RESPONDENT’S SUBMISSIONS
In response the Respondent relied on his Replying Affidavit dated the 18th March, 2014. Counsel submitted that the application was not based on any section of the Law of Succession.
That if the Respondent was occupying the property illegally this then was an action of trespass. To get enforcement orders there was therefore need to institute a separate action for trespass.
The Respondent prayed that the application be dismissed.
ISSUES FOR DETERMINATION
Upon hearing the submissions of the respective counsel the court has framed the following issues;
Whether the untitled application is for review or variation of the judgment;
Whether there has been delay in bringing the application;
ANALYSIS
Counsel for the Respondent correctly pointed out that the application is brought under no specific provision of the Law of Succession Act nor under any other provision of law.
The above notwithstanding it is apparent from the face of the application that the Applicant seeks for an order of review or variation of the decree, herein. In this day and age and in the light of the provisions of Article 159 (2) (d) of the Constitution, courts strive to sustain rather than strike out an application purely on procedural technicalities. Therefore in exercise of this court’s inherent discretionary powers and in the spirit of the Constitution I shall overlook this omission and proceed to address the application as one for review or variation.
The principles for review of an decree are; that there must be discovery of new and important material or evidence, which, after the exercise of due diligence, was not within the knowledge or could not be produced at the time the order was made; that there must be a mistake or error apparent on the face of the record; or for any other sufficient reason.
The application for review ought to be heard by the same Judge who heard the matter and made the order. The order was made by Honorable Maraga, J (as he then was) who has since left the station but the judge who is in station has jurisdiction to review the Decree.
After hearing submissions of Counsel for the applicant, I have noted that there is no contention of discovery of new and important material or evidence, which, after the exercise of due diligence, was not within the Applicant’s knowledge or could not be produced at the time the decree was made; there is no contention of any mistake or error apparent on the face of the record;
The only reason alluded to is the frustration encountered by the Applicant and her agents in trying to execute the decree.
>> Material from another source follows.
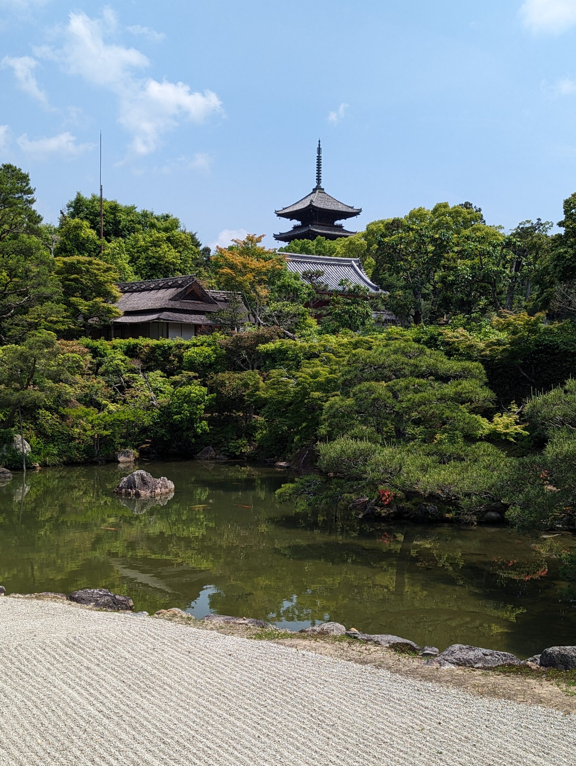 Ensuite on va voir Ninna-ji, temple bouddhiste japonais de la secte shingon, fondé en 888 par l’empereur Uda et faisant partie des monuments historiques de l’ancienne Kyōto inscrits au patrimoine mondial de l’UNESCO depuis 1994. Il a été détruit pendant la guerre d’Ōnin, et il fut reconstruit au 17e siècle. Il est constitué de plusieurs bâtiments dont un pavillon de thé et une pagode de cinq étages construits dans un vaste jardin avec lac artificiel et plantation de cerisiers nains.

It is this court’s considered view that this does not qualify as a sufficient reason for the orders sought.
The second issue relates to the timeliness of bringing the application. The judgment sought to be varied was delivered on the 27th April, 2010. The instant application was filed in court on the 5th April, 2013 this translates to a period of three (3) years. The decisions on inordinate delay are legion where a delay of four (4) months has been held to be an inordinate delay.
Timeliness is a crucial factor because the question that comes to mind is that had the application been filed timeously and without undue delay the Judge who had delivered the judgment might still have been in station and would have been able to review and or vary it. No explanation has been offered by the Deponent as regards the delay in bringing this instant application.
This court is satisfied that the applicant has not satisfied the salient requirements for an order for review or variation to enable this court to allow the application.
All is not lost, and I concur with submissions of counsel for the Respondent that the Applicant has an alternative recourse and can proceed to institute an action for trespass.
FINDINGS
For the reasons set out above this court finds that the applicant has not satisfied the salient requirements for an order for review or variation to enable this court to allow the application.
DETERMINATION
The application is lacking in merit and is hereby dismissed.
Each party to bear its own costs.
Orders accordingly.
Dated, Signed and Delivered at Nakuru this 17th day of July, 2015.